Task item
Transcribe the entries below without changing a word, and omit every picture.

Stored items from a collection
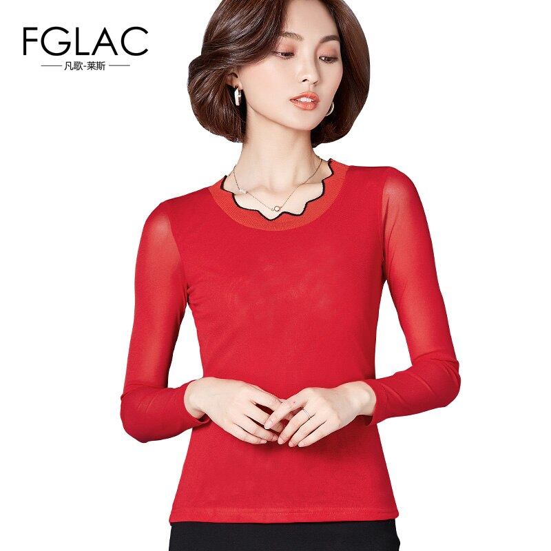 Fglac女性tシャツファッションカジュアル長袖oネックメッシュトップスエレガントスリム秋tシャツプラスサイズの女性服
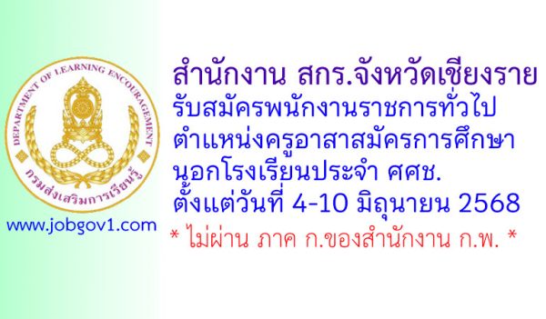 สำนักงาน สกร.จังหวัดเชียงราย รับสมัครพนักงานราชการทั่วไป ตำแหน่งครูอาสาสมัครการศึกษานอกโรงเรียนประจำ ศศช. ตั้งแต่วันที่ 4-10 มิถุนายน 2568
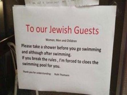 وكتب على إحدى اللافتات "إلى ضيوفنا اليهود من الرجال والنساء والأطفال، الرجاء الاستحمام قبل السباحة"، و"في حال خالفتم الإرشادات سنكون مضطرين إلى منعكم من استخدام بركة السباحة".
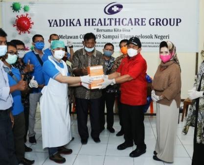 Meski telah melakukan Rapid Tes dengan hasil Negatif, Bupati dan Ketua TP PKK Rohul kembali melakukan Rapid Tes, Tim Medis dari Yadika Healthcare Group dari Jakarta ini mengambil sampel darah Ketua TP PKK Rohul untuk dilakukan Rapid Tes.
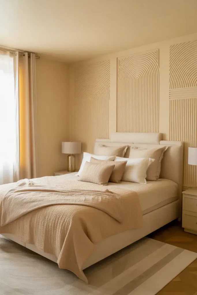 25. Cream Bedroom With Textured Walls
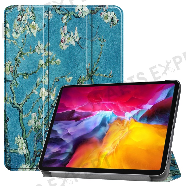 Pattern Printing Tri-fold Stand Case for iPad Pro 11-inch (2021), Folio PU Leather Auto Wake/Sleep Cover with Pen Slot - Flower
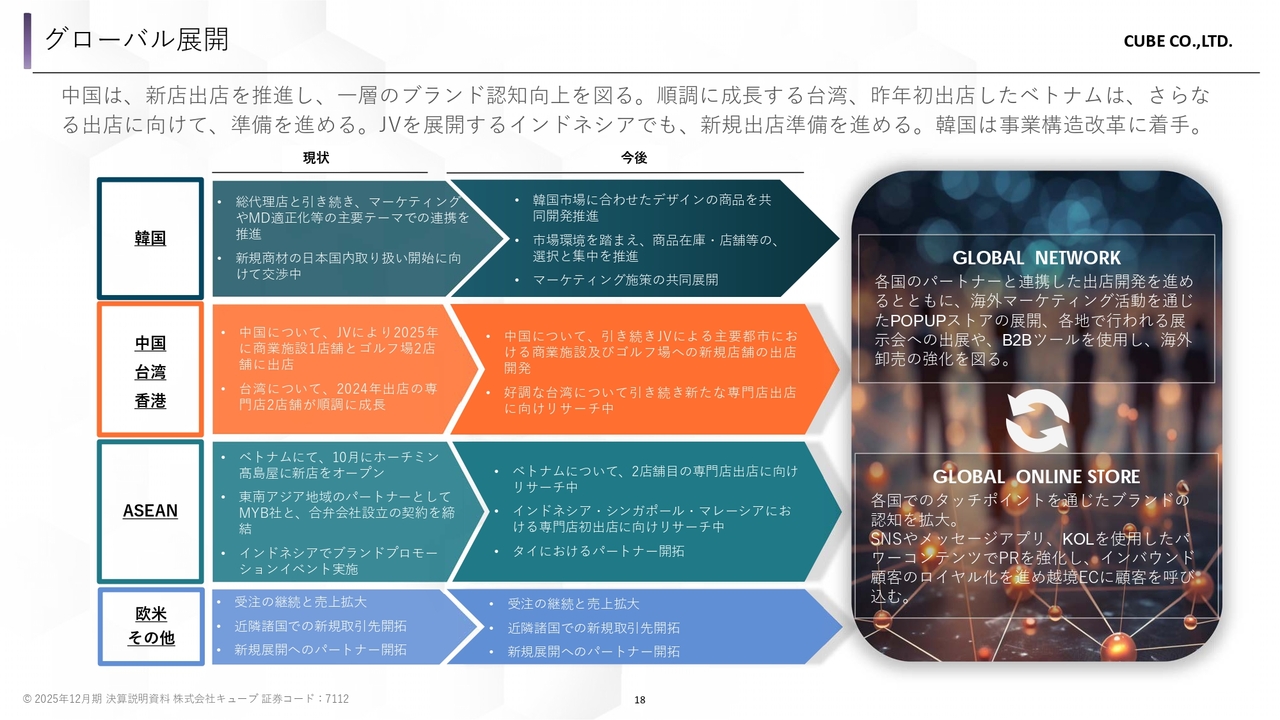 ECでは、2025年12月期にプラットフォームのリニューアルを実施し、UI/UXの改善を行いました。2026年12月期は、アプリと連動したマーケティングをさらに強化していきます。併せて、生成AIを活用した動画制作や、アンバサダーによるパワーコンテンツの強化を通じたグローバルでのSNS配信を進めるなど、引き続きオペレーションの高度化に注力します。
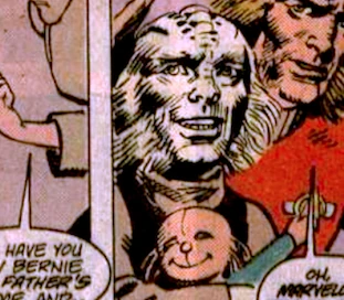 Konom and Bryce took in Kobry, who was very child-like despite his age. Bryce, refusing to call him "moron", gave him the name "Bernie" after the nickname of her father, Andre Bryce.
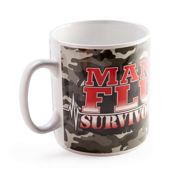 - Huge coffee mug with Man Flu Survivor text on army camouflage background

Answer box
 Fglac女性tシャツファッションカジュアル長袖oネックメッシュトップスエレガントスリム秋tシャツプラスサイズの女性服
 สำนักงาน สกร.จังหวัดเชียงราย รับสมัครพนักงานราชการทั่วไป ตำแหน่งครูอาสาสมัครการศึกษานอกโรงเรียนประจำ ศศช. ตั้งแต่วันที่ 4-10 มิถุนายน 2568
 وكتب على إحدى اللافتات "إلى ضيوفنا اليهود من الرجال والنساء والأطفال، الرجاء الاستحمام قبل السباحة"، و"في حال خالفتم الإرشادات سنكون مضطرين إلى منعكم من استخدام بركة السباحة".
 Meski telah melakukan Rapid Tes dengan hasil Negatif, Bupati dan Ketua TP PKK Rohul kembali melakukan Rapid Tes, Tim Medis dari Yadika Healthcare Group dari Jakarta ini mengambil sampel darah Ketua TP PKK Rohul untuk dilakukan Rapid Tes.
 25. Cream Bedroom With Textured Walls
 Pattern Printing Tri-fold Stand Case for iPad Pro 11-inch (2021), Folio PU Leather Auto Wake/Sleep Cover with Pen Slot - Flower
 ECでは、2025年12月期にプラットフォームのリニューアルを実施し、UI/UXの改善を行いました。2026年12月期は、アプリと連動したマーケティングをさらに強化していきます。併せて、生成AIを活用した動画制作や、アンバサダーによるパワーコンテンツの強化を通じたグローバルでのSNS配信を進めるなど、引き続きオペレーションの高度化に注力します。
 Konom and Bryce took in Kobry, who was very child-like despite his age. Bryce, refusing to call him "moron", gave him the name "Bernie" after the nickname of her father, Andre Bryce.
 - Huge coffee mug with Man Flu Survivor text on army camouflage background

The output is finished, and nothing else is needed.